India continues to draw a blank when it comes to children's cinema.
The Mumbai-headquartered Children's Film Society of India (CSFI), which completed five decades in 2005, managed to churn out just 10 films - five features and five shorts - during 2003-04, say figures put out during the International Film Festival of India (IFFI) here.
"Efforts are being made to take programmes to the northeastern states and other remote areas of the country," says the film society.
CFSI produced a feature film, "Tora", directed by Assamese filmmaker Jahnu Barua, and organised a festival of children's films in six districts of Assam. In addition, it organised a three-day filmmaking and appreciation workshop in Guwahati.
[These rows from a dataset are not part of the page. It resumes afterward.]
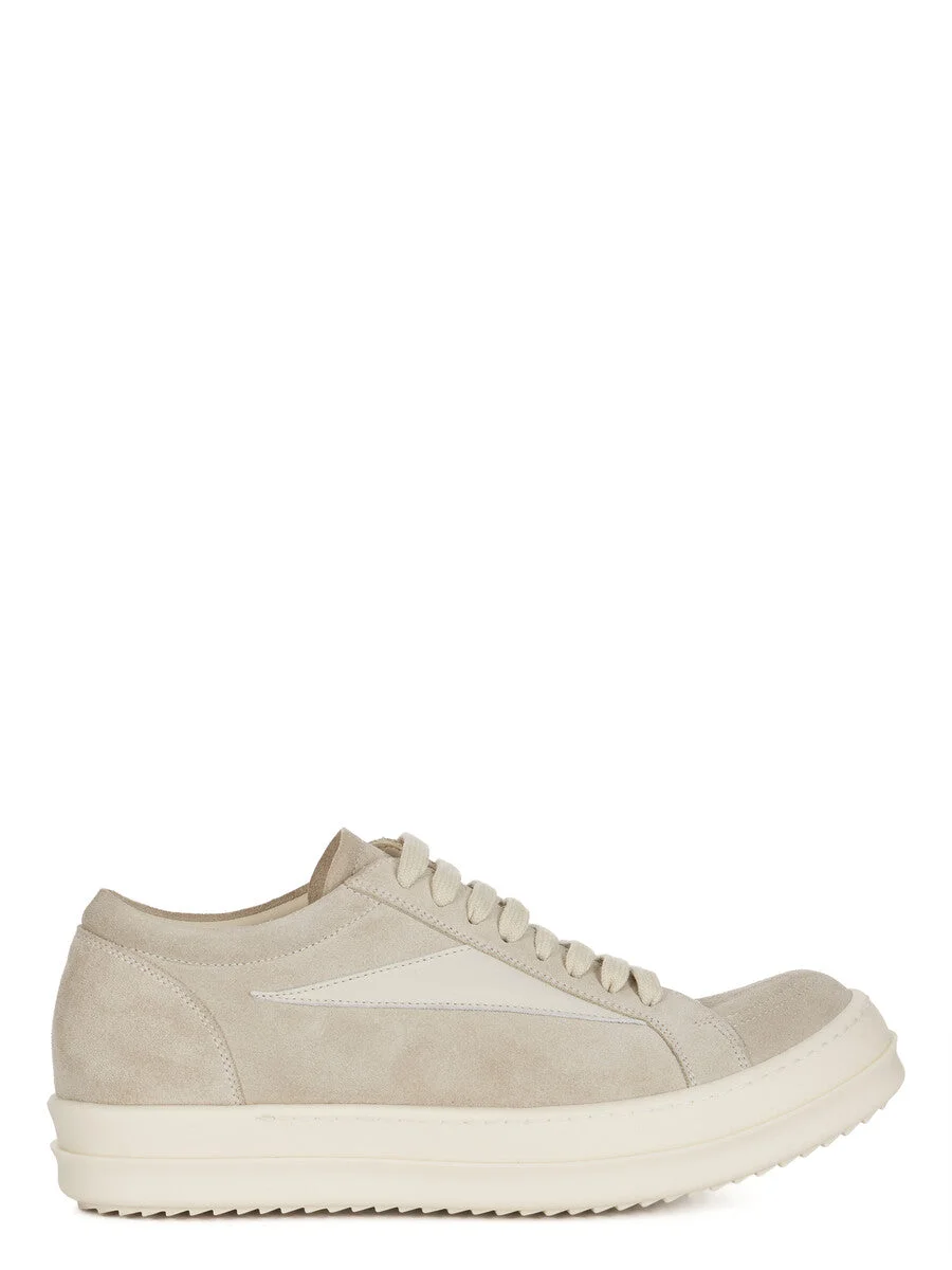 RICK OWENS SS26 TEMPLE VINTAGE SNEAKS IN PEARL/DIRTY MILK/MILK SUEDE LEATHER AND FULL GRAIN CALF LEATHER THESE VINTAGE SNEAKS ARE UNDER-ANKLE HEIGHT AND HAVE EIGHT EYELETS WITH LACES, TOE CAPS AND SHARK-TOOTHED BUMPER SOLES. THEY FEATURE A TRIANGULAR LEATHER APPLIQUE ON THE SIDE FOOT, A PADDED ANKLE AND CONTRAST STITCHING. THIS IS A COMBINATION OF SUEDE LEATHER AND FULL GRAIN CALF LEATHER. THIS MEDIUMWEIGHT CROSTA SUEDE LEATHER IS MATTE WITH A HAIRY SURFACE TEXTURE. IT HAS A NATURAL AND WAXY HAND FEEL ACHIEVED BY DRUMMING THE SKINS WITH WAX. THIS TANNERY IS LWG CERTIFIED WITH A SILVER RATING. COLOR: PEARL/DIRTY MILK/MILK MATERIAL: UPPER 100% CALF LEATHER LATERAL DETAILS 100% COW LEATHER LINING 100% CALF LEATHER INSOLE 100% CALF LEATHER SOLE 100% THERMOPLASTIC RUBBER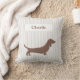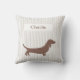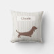 Brown Dachshund on Beige Stripes Custom Name Throw Pillow
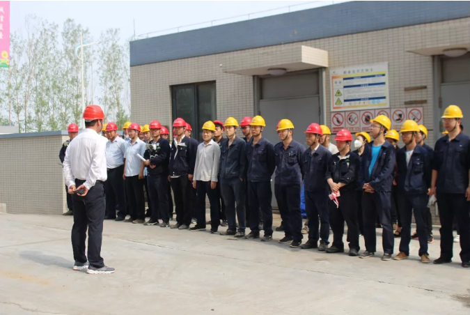 9时30分,演练正式开始。两名巡检人员发现氨水接卸作业时氨水泄漏、1名操作人员轻微中毒,逐级上报后,应急领导小组决定启动部门级应急预案。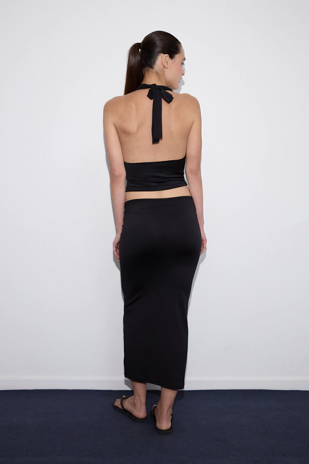 Queda increíble con tops al cuerpo, remeras básicas, camisas amplias, musculosas rectas o sueltas por dentro. Si buscás un look más de noche, combinala con el top halter como en las fotos: clásico, limpio y súper sentador.
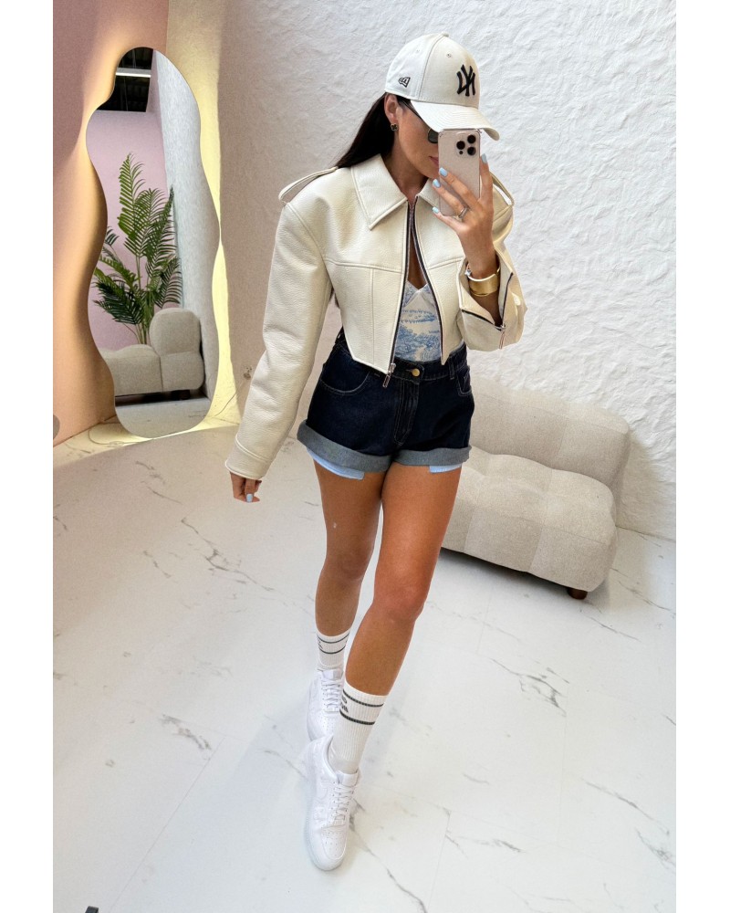 Stylowa ramoneska o dopasowanym kroju z efektownym wykończeniem i suwakami – must-have w każdej garderobie.

It holds its international children's film festival - at the permanent venue of Hyderabad - but the event was lacklustre this year.
"Children's films in India are now largely dependent on official efforts. If the private sector had come forward, things would have been easier," an official of the society told IANS here.
CFSI was set up in 1955, with the aim of providing "value-based entertainment" to children through films. It works for production, distribution, exhibition and promotion of children's films.
Cashing in on new technologies, CFSI also sells children's films on CDs, priced at between Rs.100 and Rs.150 per film. It has also been working with TV channels like STAR Gold, where it showed some 13 feature films in the past year, and the Doordarshan network.
Directors have meanwhile been quoted as asking CFSI to hike budgets for films, saying insufficient funds were a major deterrent.
In Goa, the venue for the IFFI for the first time, organisers have put up a workshop to train youngsters in basic filmmaking skills.